MNB
- Country: Mongolia
- Broadcast area: Mongolia Asia (via satellites)
- Headquarters: Ulaanbaatar, Mongolia

Programming
- Picture format: SECAM (576i) HDTV (1080i)

Ownership
- Owner: Mongolian National Broadcaster
- Sister channels: MNB Mongolian News MNB Sport HD MNB World

History
- Launched: March 14, 1951 (original) March 14, 1951 (experimental) March 14, 1952 (trial) March 14, 1953 (regular) September 27, 1967 (relaunch)
- Closed: April 1, 1964 (original)
- Former names: Mongolian National Television (MNTV)

Links
- Website: http://www.mnb.mn

= MNB (TV channel) =

Television channel of Mongolia

MNB, an onscreen brand of what is officially known as , shortened as МҮОНТ-1, Mongolian script: ᠮᠣᠩᠭᠣᠯ ᠬᠡᠯᠡᠨ ᠦ ᠦᠨᠳᠦᠰᠦᠲᠡᠨ ᠦ ᠨᠡᠶᠢᠲᠡ ᠶᠢᠨ ᠲᠧᠯᠧᠢᠰ ᠬᠣᠷᠢᠶ᠎ᠠ 1), is a television channel owned by the Mongolian National Broadcaster (MNB), the official, state-funded broadcaster in Mongolia. On average, the channel broadcasts for 17 hours a day, from 07:00 to midnight. MNB can be viewed worldwide on MNB's website.

==History==
The television station was built in 1948 with joint Soviet and Mongolian funding. On March 14, 1953, the Mongolian National Television started broadcasts, and with it started Mongolian TV Broadcasting. MNTV Ceased broadcasting in 1964. MNTV was reestablished in 1967. Coverage was limited to Ulan Bator with a relay in Darkhan being added shortly after. Satellite delivery began in 1970 when it joined the Orbita satellite, enabling a national expansion. At the time, Mongolian TV only broadcast three hours a day. Initially all programmes were broadcast live but in December 1971 the Mongolian TV studios opened and another important step towards improving the quality of the images and enabling the pre-recording of documentaries and short films was taken. This in turn enabled the broadcast schedule to become much more varied and entertaining. Since the 1980s Mongolian National Broadcaster began working with a new generation of equipment made in Japan, France and Soviet Union and this, along with a new TV centre being put into commission, made the transition to colour possible. The conversion was complete in December 1988.
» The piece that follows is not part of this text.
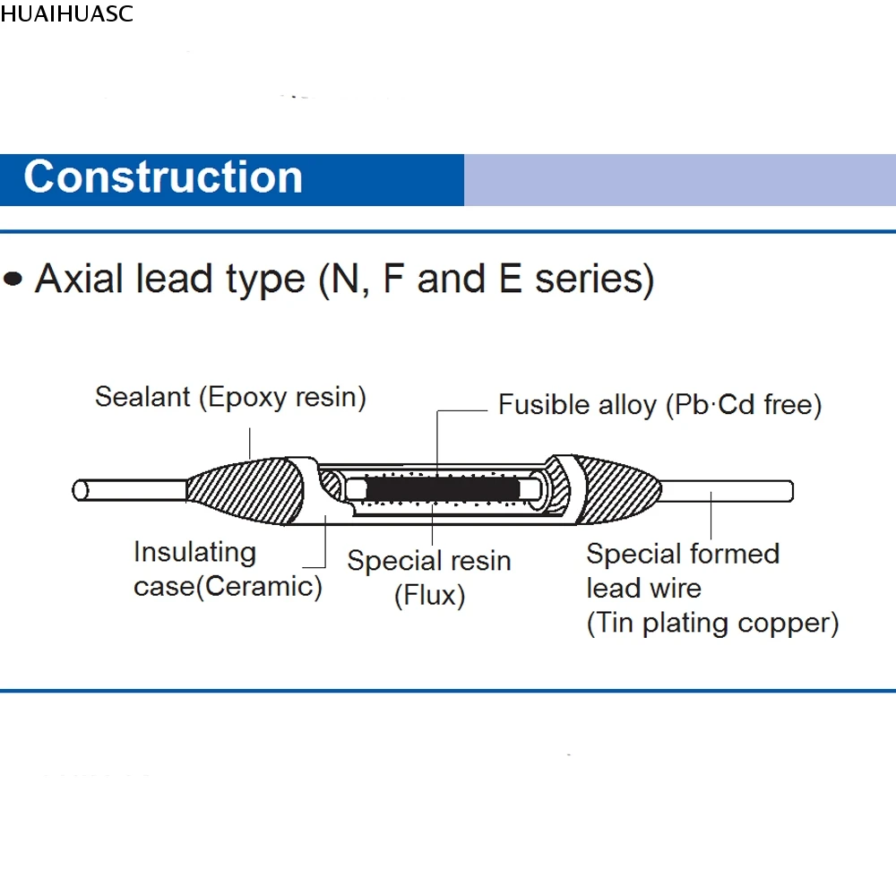 5 шт., Термопредохранитель ELCUT UMI Microtemp Axial 323 Type TF вы...

During communist rule, Mongol Television was a propaganda tool, showing a supposedly flawless Mongolia. It was the monopoly until the early-1990s, when it lost its monopoly to the private sector. Until 1992, it did not broadcast on all days of the week, viewers with Orbita's Intersputnik channel (which delivered programs from other Socialist countries and Cuba) had access to a seven-day service. Mongolian National Television, by contrast, broadcast four nights a week until 1986. The Soviet government built a new television center in 1988, enabling the improvement in broadcast hours and in infrastructure.
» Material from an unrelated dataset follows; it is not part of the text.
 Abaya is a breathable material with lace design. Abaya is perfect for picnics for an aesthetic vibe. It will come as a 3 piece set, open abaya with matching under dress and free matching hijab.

Until the mid-1980s, programs were only watched by a small percentage of the population but with the help of radio relay lines reception was extended. This development, coupled by the new television center and the rise of perestroika and glasnost in the USSR, led to new program genres appearing, including increased amounts of programs for children and youth. In 1991 it began broadcasting via the Asiasat satellite and this allowed its programs to be received in even the remotest parts of Mongolia. Today some 70% of the country's population watch the national TV channel.

In October 2000, MNTV moved the airtime of its evening news program Tsagiin Hürd (The Wheel of Time) from 9pm to 8pm, coinciding with Eagle TV's newscast. This came as part of a broader revamp of the channel, which also included a morning news service. Mongolian National Television was reorganized into the current MNB on January 27, 2005; the channel's name changed accordingly.

By the 2000s, after the arrival of democracy, MNB was still conservative. Forum, the country's biggest political talk show as of 2006, was financed by the Open Society Foundations, which helped democratize media in Mongolia.